■ Data section ■
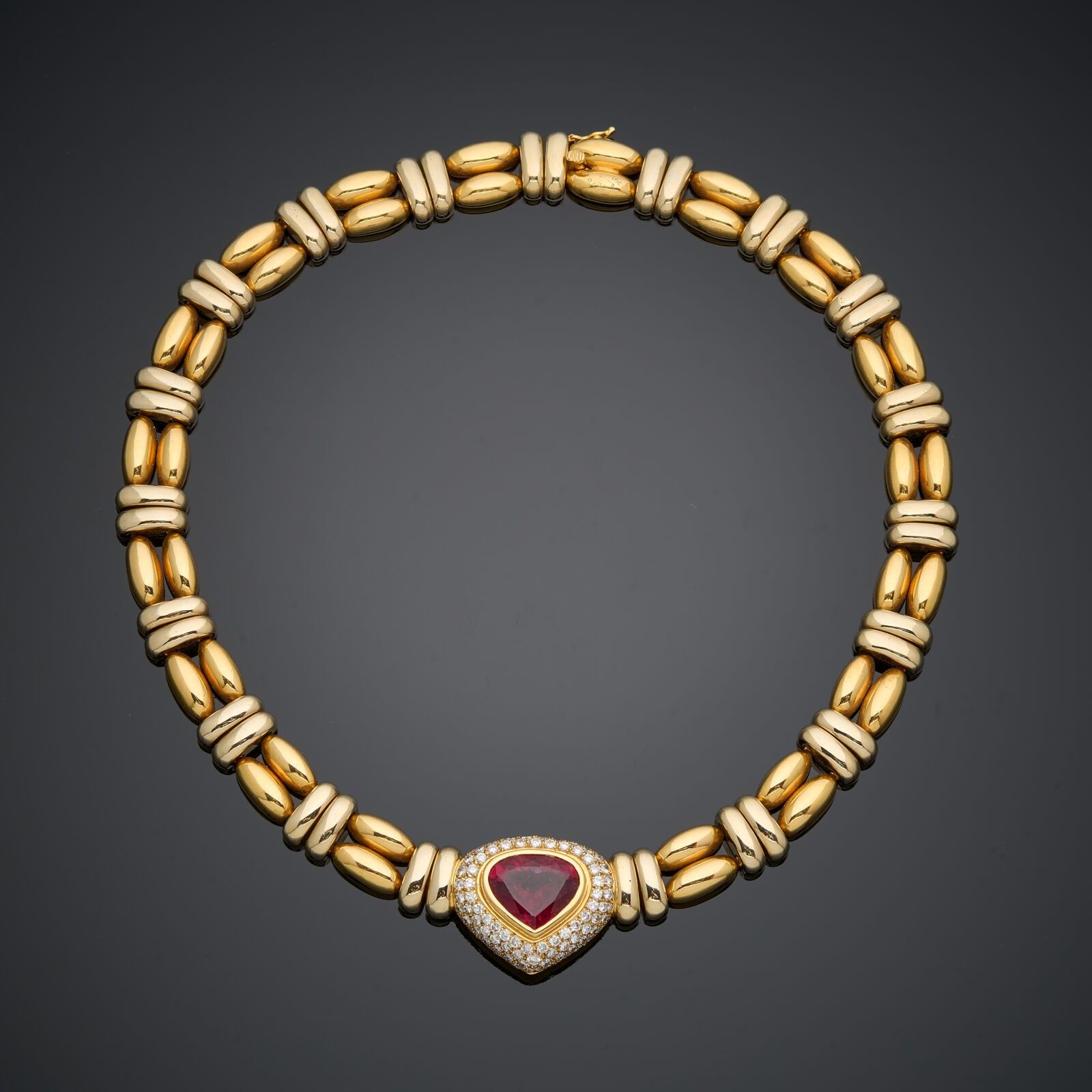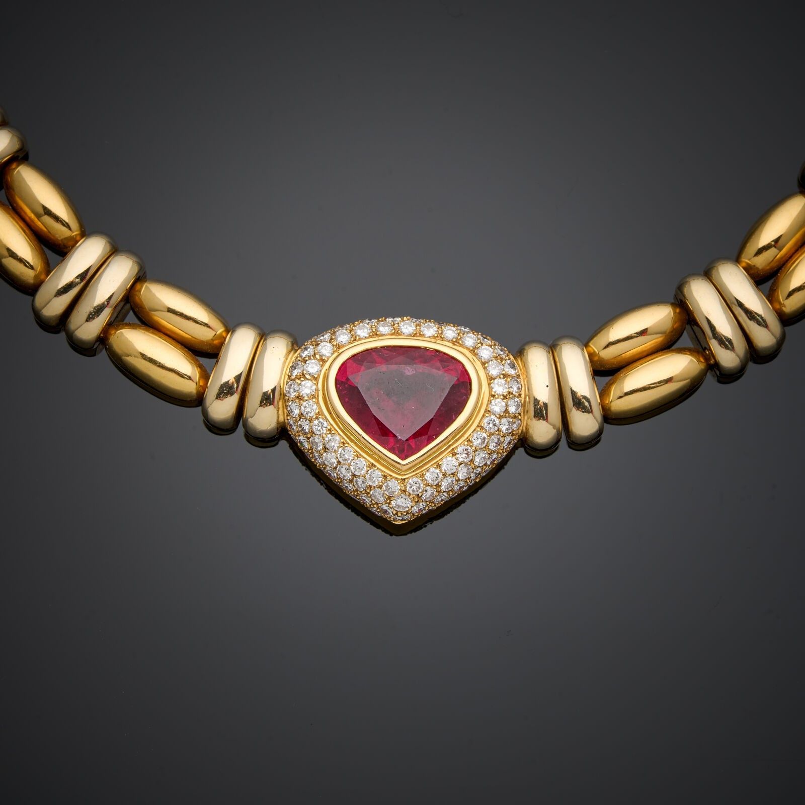 POIRAY - Two-tone articulated necklace in 18k (750 thousandths) yellow gold with alternating navettes, centred on a large heart set with a large heart-cut rubelite weighing approximately 25 carats in a diamond-paved setting.
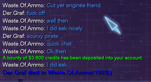 Oh, and let's say that you actually do find a trader as a pirate. The same exact thing happens as it does now. They noRP engage, run away, and then hurl OORP insults at you as they fly away or after they die. So what did you accomplish with this change?
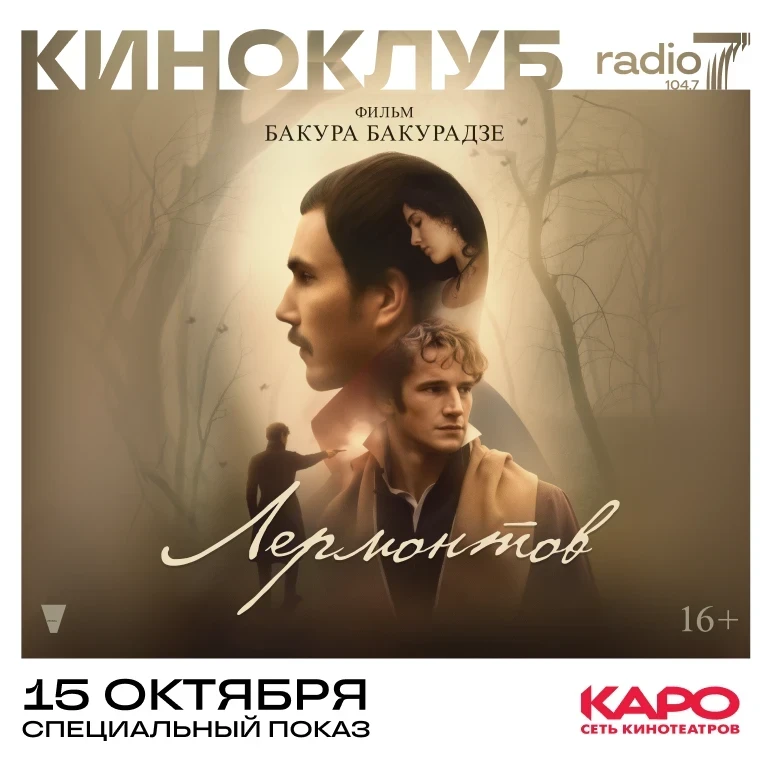 Мы вместе с сетью кинотеатров КАРО приглашаем вас 15 октября в кинотеатр «КАРО 7 Атриум» на специальный показ фильма «Лермонтов» — картина о последнем дне жизни великого поэта, трагически погибшего на дуэли 15 июля 1841 года.
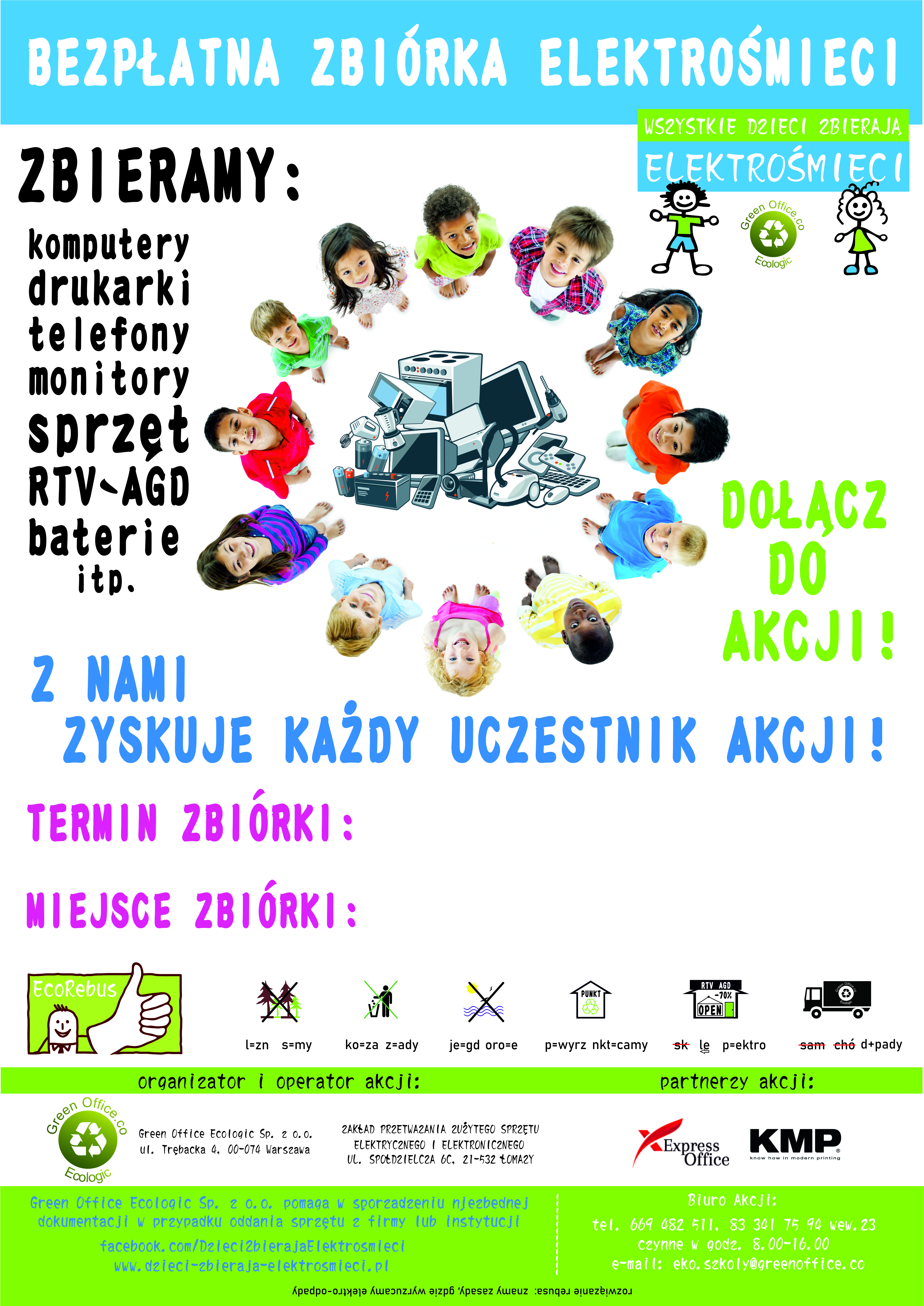 W ramach Akcji Ekologicznej „ Wszystkie dzieci zbierają elektrośmieci” w szkole zbieramy zużyty sprzęt elektryczny i elektroniczny. Akcja trwa do 18 października br. Za każdą tonę zebranego sprzętu szkoła otrzyma bon o wartości 150 złotych na zakup sprzętu sportowego lub materiałów edukacyjnych. Liczymy na zaangażowanie Uczniów i Rodziców.

■ Activity ■
The expected output is an exact retyping of the lines from the line with "Oh, and let's" through the last line of the data, with both ends kept and the pictures dropped.

■ Task response ■
 Oh, and let's say that you actually do find a trader as a pirate. The same exact thing happens as it does now. They noRP engage, run away, and then hurl OORP insults at you as they fly away or after they die. So what did you accomplish with this change?
 Мы вместе с сетью кинотеатров КАРО приглашаем вас 15 октября в кинотеатр «КАРО 7 Атриум» на специальный показ фильма «Лермонтов» — картина о последнем дне жизни великого поэта, трагически погибшего на дуэли 15 июля 1841 года.
 W ramach Akcji Ekologicznej „ Wszystkie dzieci zbierają elektrośmieci” w szkole zbieramy zużyty sprzęt elektryczny i elektroniczny. Akcja trwa do 18 października br. Za każdą tonę zebranego sprzętu szkoła otrzyma bon o wartości 150 złotych na zakup sprzętu sportowego lub materiałów edukacyjnych. Liczymy na zaangażowanie Uczniów i Rodziców.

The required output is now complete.